We also detected immunoreactivity for ETS-1 and ETS-2 in other adult mouse eye structures (Figure 2) such as the ciliary bodies, corneal epithelium, keratocytes, and corneal endothelial cells. In the mouse adult retina, ETS-1 is mostly present in the nuclei while ETS-2 is mostly present in the cytosol with smaller amounts present in the nuclei. ETS-2 was present in large amounts in dendritic, synaptic, and axonal retinal areas. The possibility of a structural role for ETS-2 in addition to its role as a transcription factor cannot be ruled out for retinal neurons. These findings suggest that ETS-1 and ETS-2 have overlapping but distinct roles in the biological functions of the eye.

ETS-1 and ETS-2 are upregulated in a murine model of ocular cancer

We investigated the roles of ETS-1 and ETS-2 in the development of pigment neoplasms using semi-quantitative RT–PCR to compare mRNA levels for ETS-1 and ETS-2 in normal (WT) and tumoral mouse model (TYRP-1-TAg) whole eyes. Cytophilin was used as an internal standard for relative quantification of ETS-1 and ETS-2 mRNA levels. We determined ETS-1 and ETS-2 mRNA levels at P15, P20, P25, P30, and three months of age (Figure 3A,C). The ETS-1/cyclophilin mRNA ratio in whole eyes almost doubled between P25 and three months in TYRP-1-TAg mice but not in WT mice (Figure 3A). ETS-2 mRNA levels were significantly higher in the TYRP-1-TAg model than in wild-type mice. At P25, ETS-2 mRNA levels were more than four times higher in TYRP-1-TAg than in the wild-type. ETS-2 mRNA levels were slightly lower in TYRP-1-TAg than in WT mouse eyes at P30 and at three months (Figure 3C).

We investigated the consequences of this upregulation of ETS-1 and ETS-2 mRNA levels by western blotting to compare protein levels. We studied ETS-1 and ETS-2 protein levels at the same time points in Tyrp1-TAg and WT mice (Figure 3E-H). ETS-1 and ETS-2 protein levels were significantly higher in Tyrp1-TAg than in wild-type mice for all time points between P25 and three months. ETS-1 protein was first detected in WT eyes at P25 by western blotting. The exposure time allowing the readily detection of ETS-1 and ETS-2 by western blotting in the retina of wild-type CB6 mice gave highly saturated signals for ETS-1 protein extracted from eyes affected by ocular tumor. However, the levels of ETS-2 protein in eyes with ocular tumor could still be quantified and interpreted using this exposure time. The ETS-1 signal was not detected on western blots of normal eyes using shorter exposure times but was readily detected and quantified on western blots of ocular tumors from transgenic mice. These results show a marked increase in protein levels for ETS-1 and ETS-2 after P25 in transgenic mice compared to the control mice.

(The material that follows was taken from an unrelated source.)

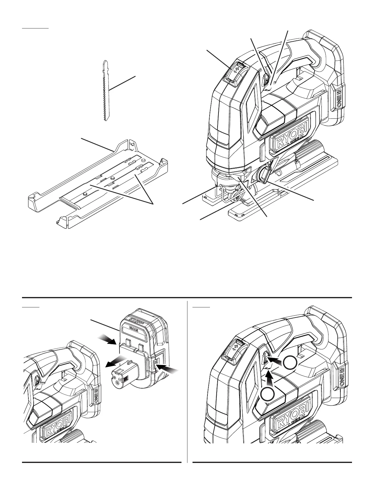 J - Blade clamp lever (levier de verrouillage de lame, palanca de la mordaza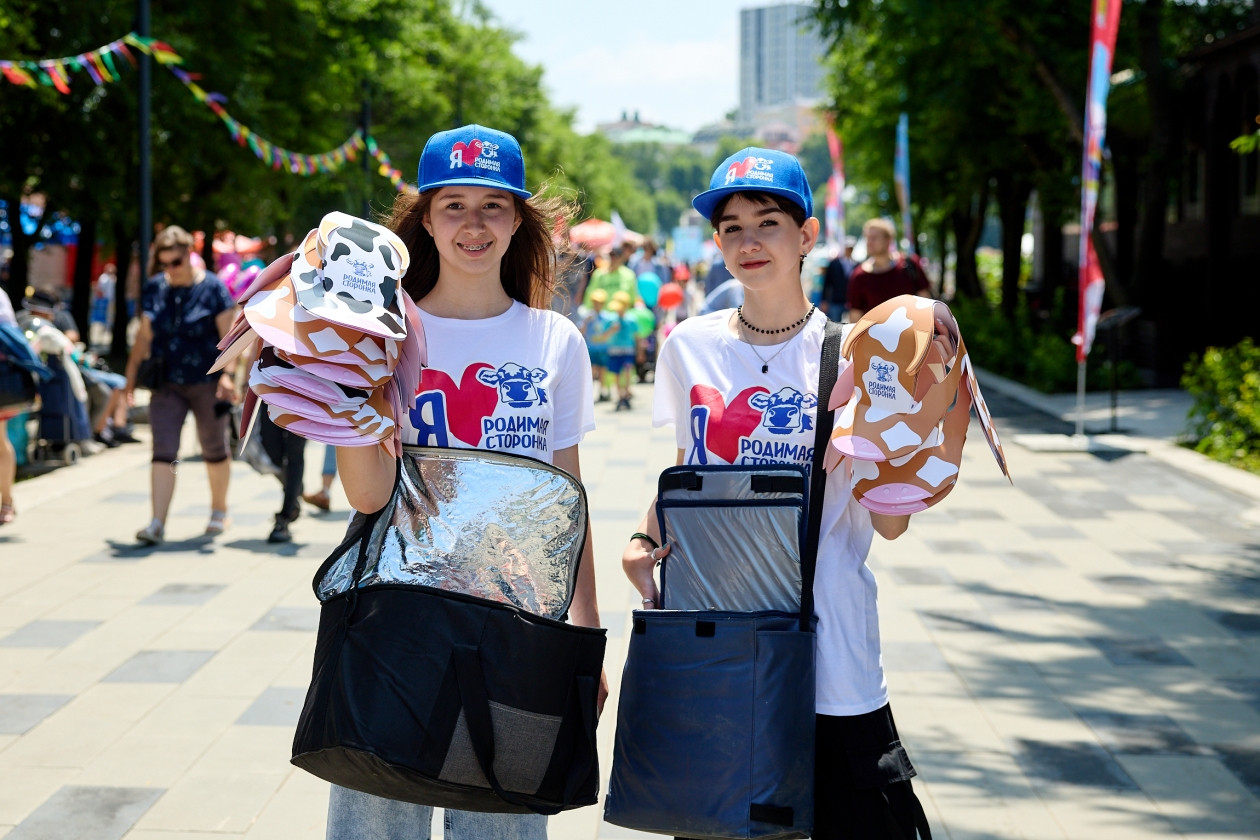 “Мы пришли на день города всей семьёй, не думали, что будет так жарко. Ночью был ливень, и мы подумали, что будет пасмурная погода. Мороженое очень вкусное, мы и сами покупаем его в магазинах. От кепки в восторге наш ребенок — такая смешная коровка получилась”, — поделилась жительница Владивостока Ирина.

Our findings suggest that the genes encoding ETS-1 and/or ETS-2 may play a role in the emergence and/or progression of ocular tumor.

Expression of ETS-1 and ETS-2 in the mass of tumor cells

We previously observed ETS-1 and ETS-2 overproduction. However, the results obtained did not determine whether ETS-1 or ETS-2 was increased exclusively in the retina and/or RPE per se and in the ocular tumor only or throughout the whole eye. We addressed this issue using immunohistofluorescence to detect these two proteins in the murine ocular tumor (Figure 4). At P15 and P20, the amounts and distribution of these proteins were similar between Tyrp-1 TAg and wild-type mice.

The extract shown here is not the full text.